Odio la cara de asco con la que me miran algunos de los que pasan delante de mí. Tendrían que estar en mi lugar. Así se enterarían de lo que vale un peine. Bueno, en realidad un peine no, en todo caso una vida distinta a la suya, pues la alusión a un peine, cuyo significado mucha gente ignora, se refiere a augurios muy negativos, y no es el caso, pues yo, la verdad, no lo paso nada mal. ¡¿Qué digo?! Me lo paso cojonudamente bien. Yo sí tengo un lugar fijo y seguro donde vivir, no como muchos de esos idiotas que deambulan por ahí sin rumbo fijo, pidiendo en las esquinas y durmiendo en un banco cochambroso. Y quienes sí tienen donde ir, seguro que es un lugar de trabajo asqueroso, con un sueldo de mierda o un piso con aluminosis, con tres o cuatro niños revoltosos y maleducados, y una mujer que les hace la vida imposible. Y si les preguntara si son felices, mentirían como bellacos.

Yo hace años que dejé de ser un esclavo. No dependo de nadie ni nadie depende de mí. Trabajar para otro para que se enriquezca a mi costa no va conmigo. Y desde que tomé la decisión de liberarme, soy feliz. Amo la libertad y no hay mejor forma de disfrutarla que vivir en la calle. Sí, en la calle, lo habéis oído bien. Ah, ¿no os parece bien? Sois como la gran mayoría de pijos ignorantes. ¡Qué sabréis vosotros! ¿Acaso lo habéis probado? No se puede juzgar algo sin conocerlo. La gente tiene muchos prejuicios. No soportan a los que no son como ellos. Bueno, para ser sincero, yo tampoco les soporto a ellos, unos engreídos del tres al cuarto. Y es que la gente habla por hablar, sin tener ni puta idea de a lo que me refiero. ¿Que no os gusta mi lenguaje? No seáis hipócritas, seguro que soltáis las mismas palabrotas o peores en la intimidad, como dijo que hacía ese político del bigotito cuando hablaba en catalán. ¡Qué idiota! Ese, como todos los políticos, se cree que somos tontos. Bueno, la verdad es que la gran mayoría de los ciudadanos lo son. Yo no, me huelo la mentira a kilómetros de distancia y como no quiero ser engañado en ningún aspecto, por eso me he planteado vivir como lo hago: a mi aire y sin compromisos de ningún tipo.

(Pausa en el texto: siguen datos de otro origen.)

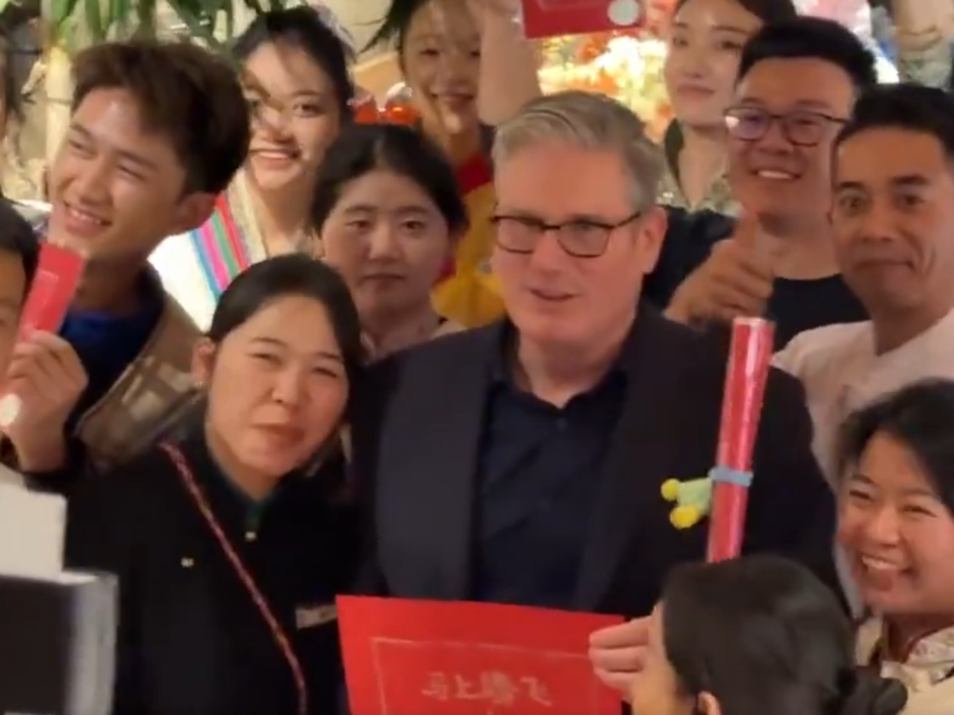 这家在中国颇具知名度的网红连锁云南菜餐厅,于周三晚间通过其社交媒体账号发布了一段视频。画面中,到访北京三里屯分店用餐的英国首相斯塔默,在离店前与员工亲切合影留念。视频里,店员向斯塔默赠送了一张写有“马年腾飞”字样的云南传统祈福甲马纸,众人合影时齐声送上“新年快乐”的祝福。

Cuando veo pasar a esos trajeados, con su maletín en la mano, y con prisas, en lugar de despertar en mi conmiseración, lo que siento es desprecio. Trabajar y trabajar. ¿Para qué? ¿Para hacer frente a gastos superfluos, por no decir innecesarios? La hipoteca, el coche, los caprichos de la parienta y de los mocosos malcriados, el colegio privado, algún que otro viajecito, y así un sinfín de cosas inútiles. A mí, la vivienda me sale gratis, no necesito coche para nada, mis viajes son por el barrio y mis pies me transportan de un lugar a otro. Y como, además, no tengo mujer ni hijos, pues estoy totalmente exento de obligaciones económicas familiares. Si quisiera viajar para conocer mundo, que no es el caso, no necesitaría coche, ni barco ni avión, pues podría viajar haciendo autostop, porque supongo que todavía existe esta modalidad. Para qué gastarse un pastón en otros medios de transporte pudiendo hacerlo gratis.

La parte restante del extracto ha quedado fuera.